_WORKING DATA:_
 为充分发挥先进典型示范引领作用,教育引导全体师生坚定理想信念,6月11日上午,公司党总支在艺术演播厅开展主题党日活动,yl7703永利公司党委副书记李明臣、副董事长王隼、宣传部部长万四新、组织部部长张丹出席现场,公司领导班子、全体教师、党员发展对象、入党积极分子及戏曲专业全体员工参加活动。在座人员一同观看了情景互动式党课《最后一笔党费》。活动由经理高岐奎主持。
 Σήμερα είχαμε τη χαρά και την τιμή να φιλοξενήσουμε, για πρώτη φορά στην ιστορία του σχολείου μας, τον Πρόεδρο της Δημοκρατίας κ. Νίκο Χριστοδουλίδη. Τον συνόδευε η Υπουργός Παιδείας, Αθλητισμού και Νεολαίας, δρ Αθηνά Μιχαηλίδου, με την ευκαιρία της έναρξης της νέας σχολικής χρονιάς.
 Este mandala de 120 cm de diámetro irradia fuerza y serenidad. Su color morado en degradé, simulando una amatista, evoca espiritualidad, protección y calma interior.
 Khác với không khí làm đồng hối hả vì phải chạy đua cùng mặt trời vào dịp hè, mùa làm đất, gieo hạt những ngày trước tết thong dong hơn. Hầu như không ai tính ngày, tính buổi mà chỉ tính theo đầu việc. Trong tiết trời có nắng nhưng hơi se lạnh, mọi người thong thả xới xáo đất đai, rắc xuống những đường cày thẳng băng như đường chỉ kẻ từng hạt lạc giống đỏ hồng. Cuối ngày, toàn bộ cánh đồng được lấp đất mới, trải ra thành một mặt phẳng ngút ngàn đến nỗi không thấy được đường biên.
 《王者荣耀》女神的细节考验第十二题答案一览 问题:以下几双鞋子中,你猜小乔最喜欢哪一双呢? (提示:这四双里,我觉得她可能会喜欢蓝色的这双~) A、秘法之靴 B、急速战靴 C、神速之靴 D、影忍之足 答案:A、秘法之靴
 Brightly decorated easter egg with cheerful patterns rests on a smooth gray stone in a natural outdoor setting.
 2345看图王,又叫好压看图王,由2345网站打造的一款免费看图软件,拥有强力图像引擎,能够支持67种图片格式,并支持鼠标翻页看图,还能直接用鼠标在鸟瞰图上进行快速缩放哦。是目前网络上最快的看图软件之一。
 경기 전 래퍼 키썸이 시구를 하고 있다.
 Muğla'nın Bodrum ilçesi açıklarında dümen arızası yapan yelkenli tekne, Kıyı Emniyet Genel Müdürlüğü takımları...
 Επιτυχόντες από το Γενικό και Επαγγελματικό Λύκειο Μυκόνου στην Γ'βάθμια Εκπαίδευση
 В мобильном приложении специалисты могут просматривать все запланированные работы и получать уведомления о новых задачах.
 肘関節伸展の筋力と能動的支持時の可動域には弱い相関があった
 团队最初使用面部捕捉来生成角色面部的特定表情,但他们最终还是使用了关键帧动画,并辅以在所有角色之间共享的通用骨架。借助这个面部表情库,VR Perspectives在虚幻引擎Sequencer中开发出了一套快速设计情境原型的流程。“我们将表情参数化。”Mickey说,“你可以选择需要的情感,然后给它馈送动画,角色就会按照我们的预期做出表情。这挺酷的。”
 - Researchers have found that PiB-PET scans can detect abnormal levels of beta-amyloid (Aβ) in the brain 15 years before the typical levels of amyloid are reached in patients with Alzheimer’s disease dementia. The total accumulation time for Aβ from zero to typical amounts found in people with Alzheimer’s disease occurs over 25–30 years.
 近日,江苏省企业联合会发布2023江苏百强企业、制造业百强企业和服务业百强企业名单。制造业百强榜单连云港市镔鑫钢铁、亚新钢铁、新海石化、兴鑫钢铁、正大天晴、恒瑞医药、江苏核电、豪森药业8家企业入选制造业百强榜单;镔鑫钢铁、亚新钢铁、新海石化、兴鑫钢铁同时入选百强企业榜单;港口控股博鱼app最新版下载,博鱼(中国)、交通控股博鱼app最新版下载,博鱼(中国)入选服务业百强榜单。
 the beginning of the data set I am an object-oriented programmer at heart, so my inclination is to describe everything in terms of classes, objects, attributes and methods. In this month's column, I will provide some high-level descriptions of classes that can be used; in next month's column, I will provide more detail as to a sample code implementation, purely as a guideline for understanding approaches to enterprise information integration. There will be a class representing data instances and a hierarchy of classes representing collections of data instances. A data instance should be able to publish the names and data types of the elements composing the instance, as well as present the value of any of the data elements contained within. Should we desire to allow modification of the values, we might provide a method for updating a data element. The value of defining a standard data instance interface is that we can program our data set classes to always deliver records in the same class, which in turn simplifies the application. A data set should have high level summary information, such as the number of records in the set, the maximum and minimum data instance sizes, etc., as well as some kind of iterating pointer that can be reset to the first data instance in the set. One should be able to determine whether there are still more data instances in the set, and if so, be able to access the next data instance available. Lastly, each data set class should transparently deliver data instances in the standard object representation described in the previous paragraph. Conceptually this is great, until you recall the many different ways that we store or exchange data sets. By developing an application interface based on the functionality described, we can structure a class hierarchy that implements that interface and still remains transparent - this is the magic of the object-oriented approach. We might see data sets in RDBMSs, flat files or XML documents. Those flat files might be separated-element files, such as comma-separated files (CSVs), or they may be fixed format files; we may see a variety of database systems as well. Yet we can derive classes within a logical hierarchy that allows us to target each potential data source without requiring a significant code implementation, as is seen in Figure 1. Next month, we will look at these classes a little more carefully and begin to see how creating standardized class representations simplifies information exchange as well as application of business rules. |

_WORK REQUEST:_ Copy range, inclusive: the line holding "肘関節伸展の筋力と能動的支持時の可動域には弱い相関があった" to the line holding "团队最初使用面部捕捉来生成角". Reproduce exactly those lines of the records above and no others.

_ANSWER BOX:_
 肘関節伸展の筋力と能動的支持時の可動域には弱い相関があった
 团队最初使用面部捕捉来生成角色面部的特定表情,但他们最终还是使用了关键帧动画,并辅以在所有角色之间共享的通用骨架。借助这个面部表情库,VR Perspectives在虚幻引擎Sequencer中开发出了一套快速设计情境原型的流程。“我们将表情参数化。”Mickey说,“你可以选择需要的情感,然后给它馈送动画,角色就会按照我们的预期做出表情。这挺酷的。”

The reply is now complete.